Chapter 9 Raymond Blythe’s Milderhurst
RAYMOND BLYTHE’S MILDERHURST
WHILE Mrs. Bird started on the paperwork, transferring details from my business card, I disengaged myself with a mumble of polite noises and drifted over to peek through the open back door.
A courtyard had been formed by the farmhouse walls and those of other farm buildings: a barn, a dovecote, and a third construction with a conical roof that I would later learn to call an oast house.

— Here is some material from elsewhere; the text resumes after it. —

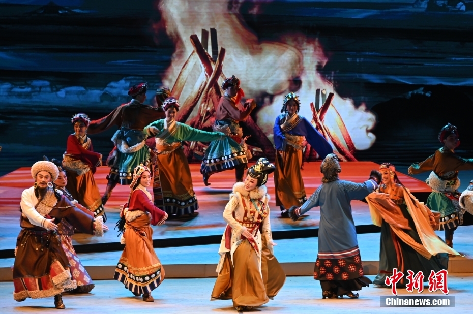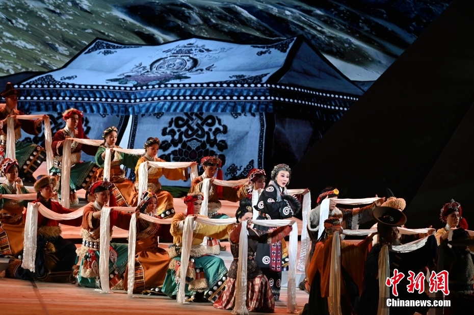10月11日晚,大型新編歷史粵劇《文成公主》在廣東廣州大劇院首演。該劇以文成公主和親進藏的歷史事件為依據(jù)創(chuàng)作,講述了文成公主堅守吐蕃四十年,促進了吐蕃經(jīng)濟、文化的發(fā)展,加強了漢藏人民的友好關(guān)系。 中新社記者 陳楚紅 攝

A round pool meditated at the center and the pair of fat geese had launched themselves across the sun-warmed surface, floating regally now as ripples chased one another towards the flagstone edges.
Beyond, a peacock inspected the edge of clipped lawn separating the tended courtyard from a meadow of wildflowers that tumbled towards distant parkland.

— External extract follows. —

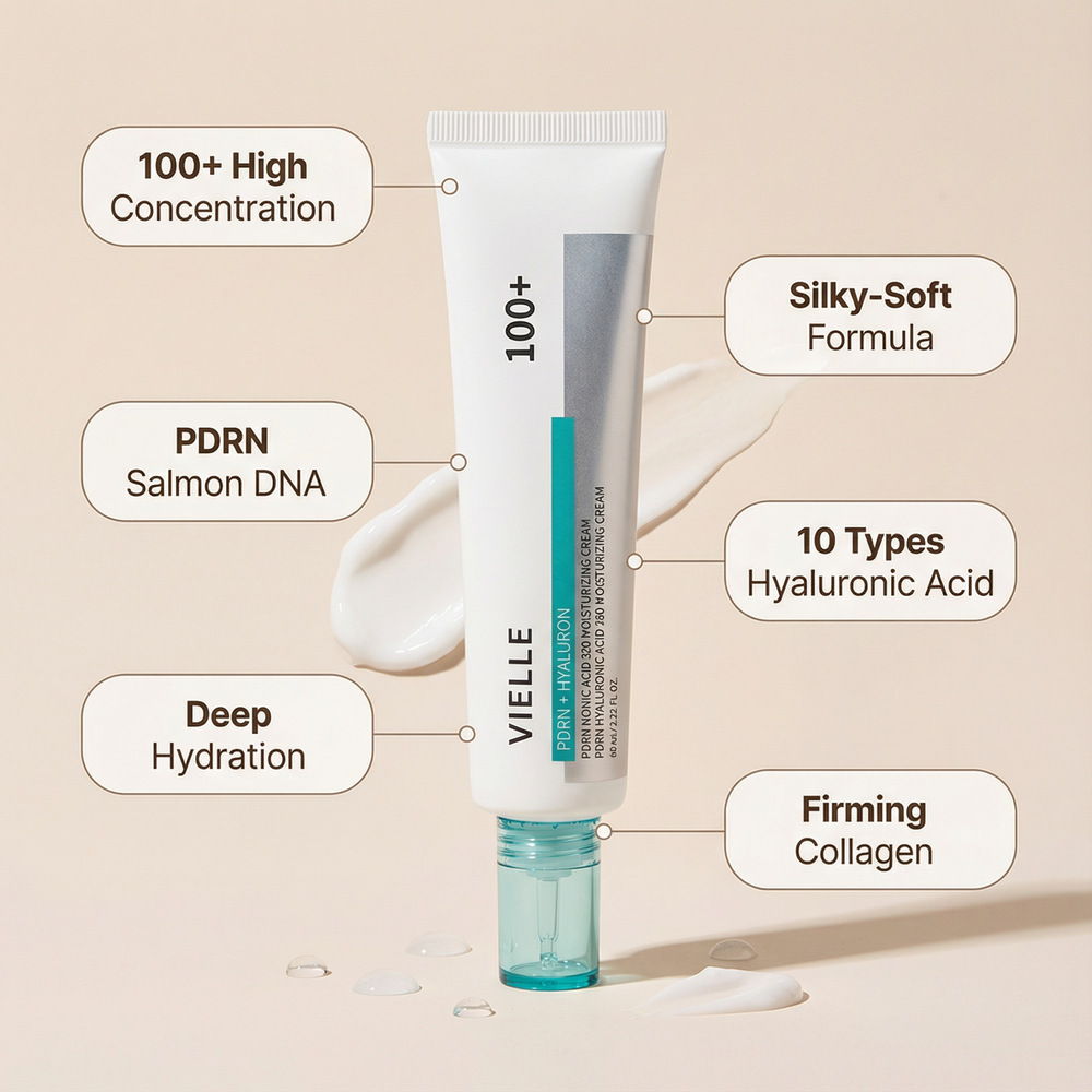 Vielle combines the breakthrough science of PDRN with the deep hydration of 100% Hyaluronic Acid—creating a formula that works on two levels simultaneously.

The whole sunlit garden, framed as it was by the shadowed doorway in which I stood, was like a snapshot of a long-ago spring day, come back somehow to life.
“Glorious, isn’t it?” said Mrs. Bird, behind me suddenly, though I hadn’t noticed her approach. “Have you ever heard of Oliver Sykes?”
“Copper sulfate,” came a disembodied male voice.
I glanced again at the canary, rummaging for seed in his cage, then the picture-hung walls.
“Yes, yes, of course it was,” Mrs. Bird continued, unfazed, “copper sulfate to keep it azure blue.” A sigh.
“That was a long time ago now though. Sadly, Sykes’s moat was filled in decades ago, and his grand circular pool belongs only to the geese.
Full of dirt and duck mess.” She handed me a heavy brass key and patted my fingers closed around it.
“We’ll walk up to the castle tomorrow. The forecast is clear and there’s a beautiful view from the second bridge. Shall we meet here at ten?”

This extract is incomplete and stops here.